There’s a final secion that summarizes three more terms. specifically errors, faults, failures, and Failure modes.

Personal Note#

This section was the most confusing to me, not because the writing was poor but because of how quickly I’ve become indoctrinated to the \(alignment=safety\) view of thinking. At first blush it seems obvious, an AI that’s aligned to what a “good” human would do is safe right? But it doesn’t take much probing for this to fall apart. A good example is from the LLAMA 2 Paper and Model Deep Dive we covered, which splits helpfulness and safety into it’s own two reward models. Meta does this because a model that is helpful to one person doesn’t always produce a safe outcome for a group of people as a whole. The common example is asking an LLM for instructions on how to make a bomb. In this case an AI that’s aligned to the user intent, is not safe for non users, already breaking apart the equality between alignment and safety. However this paper highlights how the rift is even larger than that. An aligned AI, even one that doesn’t say anything harmful, still has a number of safety concerns, a common example here being job safety for entire classes of workers.

Section 3 - Pitfalls in Existing Adoptions and Appraoches#

Safety as a field, and more generall the study of failing systems, of study is not new. The author brings in systems from the domain of mechanical and systems engineering, as well as software engineering, and highlights why their frameworks of Failure Mode and Effects, software ISO 26262:2018 definitions, and cybersecurity bug bounty processes are inadequete. In summary the sheer scale and complexity of what modern AI systems can do, the inability to partition their functionality, non determinism of function, and the subjectivity of the harm in final output produced, belie these established fields.

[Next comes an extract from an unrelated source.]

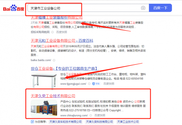 天津久*工業(yè)技術(shù)有限公司百度關(guān)鍵詞排名專注一站式品牌營銷整合推廣

The disconnect largely has to do with the basic difference in how these systems function. In mechanical engineering parts have one specific function, whether it’s say a bolt holding two pieces of metal together, or an O-ring that separates two flammable materials together. In the mechanical world parts experience random failure, one that often is well characterized. It’s also very clear how a failure of this part could affect the rest of the system. This narrow scope of function and (hopefully) well characterized frequency is th basis for Failure Mode and Effects diagrams.

In software the behavior is deterministic, and the gap between systems requirement and safety is much tighter. When a piece of software is written by humans it’s very clear what the intended outcome is, trivial to measure if it doesn’t happen, and pieces of the system can be isolated.

Section 3.3 in particular details why the existing systems are inadquete and motivates the Section 4.

Section 4 - Unifying Risk Assessment and Safety Justification#

This section proposes a new taxonomy and framework to assess GenAI risks. It’s an extension of a framework used in Autonomus driving. The section is quite detailed and explains each part in depth. The two figures summarize the concepts quite well.

../_images/AIODDTaxonomy.png

Fig. 34 The various dimensions of which the framework can be applied#

../_images/RiskDemonstration.png

Fig. 35 An example of the framework and how it could look in practice.#

The examples shown don’t just concern the end generation, but all parts of the AI lifecycle, from computational training, reviews in the RLHF process, etc. Personally it’s clear to me this author has practical experience for no other reason than they show how this would fit into a spreadsheet. You’ll be surprised how many decisions are made in leading edge companies based on the contents of a spreadsheet, and even more surprised at how effective they are.

Section 5 - Conclusive Remarks#

The author again highlights how AI alignment, meaning the LLM to hte user is not the primary challenge, but terminology alignment is. With aligned terminology it becomes more clear what has been tested and what’s not. The author then discusses the benefits of the framework they propose and how it overcomes the limitations of other frameworks.